Monthly FTE (Full Time Equivalent) means either:

  • Qualified employee paid an hourly wage: “monthly fulltime equivalent wages” means employee is paid for no more than 167 hours/month and the wages paid are then divided by 167.
  • Qualified employee is paid a salary: “monthly fulltime equivalent” means the total number of weeks employed in a month divided by 4.33, then multiplied by the employee’s “time base.”
    • “Time base” is the fraction of fulltime employment that the qualified employee is employed.
    • “Weeks employed” is the total number of calendar days employed in a month divided by 7 days. The result cannot exceed 4.33.

The FTE calculations and importance come from the Affordable Care Act. Determining the number of full-time and part-time employees are involved in many regulations and IRS rules. Only the government can complicate something to this degree. Get help from qualified professionals.

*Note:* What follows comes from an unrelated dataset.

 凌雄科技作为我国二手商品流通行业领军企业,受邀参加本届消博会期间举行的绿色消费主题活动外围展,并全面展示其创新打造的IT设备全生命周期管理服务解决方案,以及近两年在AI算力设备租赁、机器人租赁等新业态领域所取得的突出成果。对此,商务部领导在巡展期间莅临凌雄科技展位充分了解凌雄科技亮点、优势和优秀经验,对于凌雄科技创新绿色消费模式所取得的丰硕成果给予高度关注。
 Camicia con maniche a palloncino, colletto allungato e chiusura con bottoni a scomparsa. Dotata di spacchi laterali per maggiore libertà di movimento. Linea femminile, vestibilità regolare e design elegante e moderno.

Any credit you can get from tax entities is usually worth the effort to see if your business qualifies and how to do so.

CDTFA FAQs

The California Department of Tax and Fee Administration gets a lot of questions about their regulations and forms, and here are some of the most frequently asked about the Main Street Small Business Tax Credit:

Can I qualify for the credit if I started my business in 2019 or 2020?

You cannot qualify for a business started in 2020; it must have been started prior to January 1, 2020. If you started your business in 2019, had 500 or fewer employees, and experienced at least a 20% decrease in gross receipts, you would qualify. The 20% decrease figure is calculated by comparing gross receipts for January and February (total for both months) multiplied by 1.5. Compare the result with gross receipts for the period April 1, 2020 through June 30, 2021.

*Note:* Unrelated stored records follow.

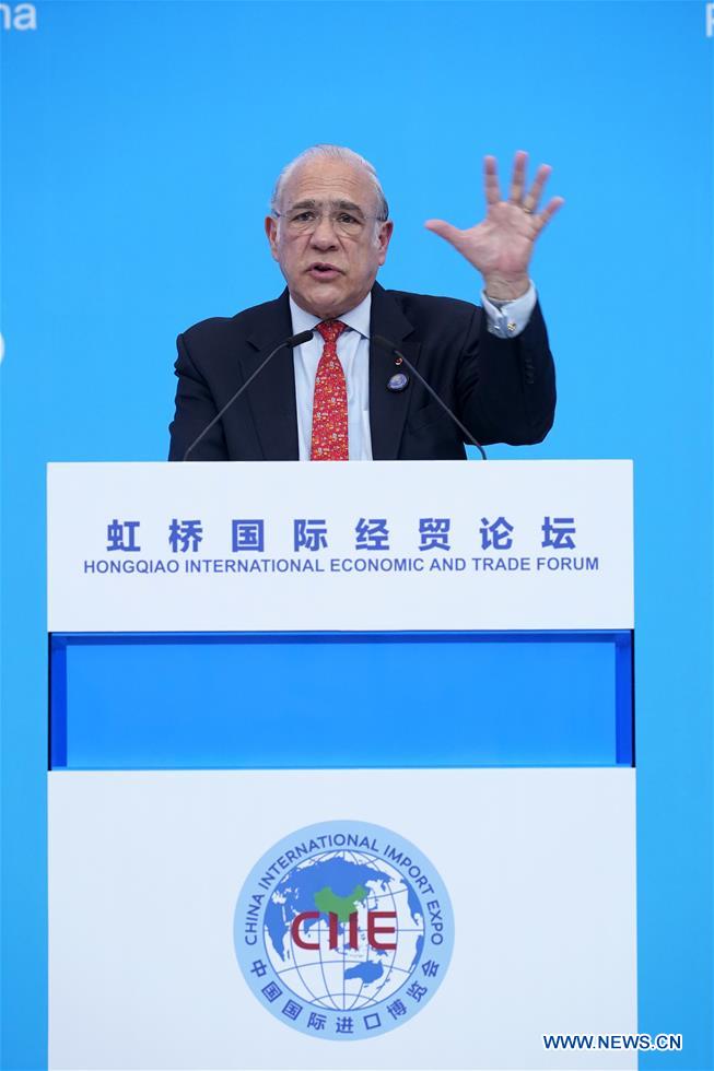 Organization for Economic Cooperation and Development Secretary-general Angel Gurria speaks at the Parallel Session on Trade and Innovation of the Hongqiao International Economic and Trade Forum in Shanghai, east China, Nov. 5, 2018.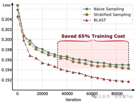 实验结果表明,BLAST方法在训练效率和模型性能方面均取得了显著提升。如下图所示,采用BLAST平衡采样策略的模型展现出更快的收敛速度和更低的验证损失。在训练后期阶段,平衡采样仅需约35%的训练步数即可达到与朴素采样或分层采样相当的损失水平,大幅提升了训练效率。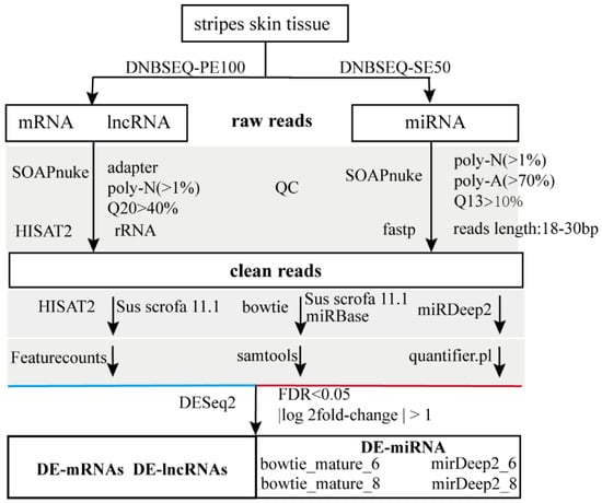 Total RNAs were extracted from each skin sample using TRIzol reagent (Invitrogen, Waltham, MA, USA) according to its manufacturer’s instructions. To analyze RNA quality, RNA concentration, 28S/18S, and RNA integrity number (RIN) were analyzed by an Agilent 2100 Bioanalyzer (Agilent, Santa Clara, CA, USA). The lncRNA (ribosomal depletion) and small RNA libraries were sequenced deeply by BGI on the DNBSEQ-PE100 and DNBSEQ-SE50 platforms, respectively.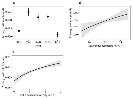 The global model containing all fixed effect variables was chosen as the optimal model, with the smallest AICc value and weighting dominantly among all possible models. The components that constitute the best endogenous effects were Age, Kn, and Area. As expected, the mean daily growth rate was generally negatively correlated with Age (Figure 5a, Table 3), indicating a decreasing trend in the daily growth rate during the studied age period. Meanwhile, there was a negative correlation between individual mean growth and Kn (Figure 5b, Table 3). An inherent difference was observed in the mean growth rate between the samples from the five areas. The optimal model predicted that the mean growth of fish varied across areas, with significantly higher growth for CWI, SAB, and SUB samples, and relatively lower growth for SEB and TOB samples (Figure 5c, Table S1). The optimal model showed that environmental factors SST and Chl-a were positively correlated with growth rate (Figure 5d,e, Table 3). The mixed-effects model explained more than 61% of the total variance of the data (conditional R2).
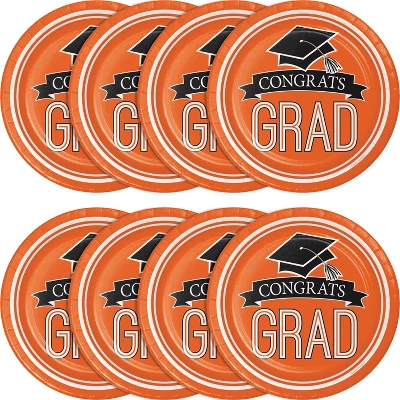 Provide the perfect tableware for heartier meals at the graduation party with the School Spirit Orange Plates. These Sturdy Style paper plates feature a classy design of a mortarboard and “Congrats Grad” message in the center, and will provide a nice touch to the end of a long journey. The 9″ round plates come in packs of 54 and can be coordinated with other School Spirit theme party supplies to celebrate the hard-working graduate’s accomplishment.

Who is a qualified employee?

If the employer is qualified, a qualified employee is one whose wages are not used in any other income or franchise tax credits claims.

How much in wages must the employer have paid to the qualified employee?

There are no minimum or maximum levels for how much in wages paid to the qualified employee. The employee paid qualified wages should be included in the net increase in qualified employees’ calculation.

If I was forced to close my business but later reopened and rehired my employees, do they meet the requirements for the hiring tax credit?

If the employees fall within the requirements for timeline and qualifications, they may be included in your calculations for the small business tax credit.

Is there a maximum allowable amount of credit for each qualified business employer?

The cap on the credit is $150,000 for each qualified small business employer. If credits were received prior for the first version of the main street small business tax credit, they would be included in the $150,000 cap.

How do I receive the credit, as a check, direct deposit, or other?

There is no monetary reimbursement of the credit. The credit must be applied to a tax return for qualified sales, personal, or corporate taxes.

If qualified for the credit, can I apply it to prior or past balances?

You cannot apply the credit to prior or previous balances. You can only take it when filing a current return. The credit can be applied to California state income tax returns for 2021 or to sales and use tax due on or after April 30, 2022.

Can family members who help in the business be included as qualified employees?

If you are a qualified business employer, and only if you pay the family members or friends as qualified employees, they can be included. If they are not paid as qualified employees with appropriate withholding, you cannot include them.

Does an employee need to be parttime or fulltime?

If employees are paid as qualified with appropriate withholding, they can be included in the net increase in the qualified employee’s calculation. This includes fulltime, parttime, permanent, and temporary employees.

Consider This

If your business meets the requirements for number of employees, this tax credit could be worth significant tax savings for California employers.

Though you may find that some of the deadlines have passed for some of these credits, this article is about the second rendition of the California Main Street Small Business Tax Credit. There could be another coming, so keep up with the news and consult with your tax advisors or accountant.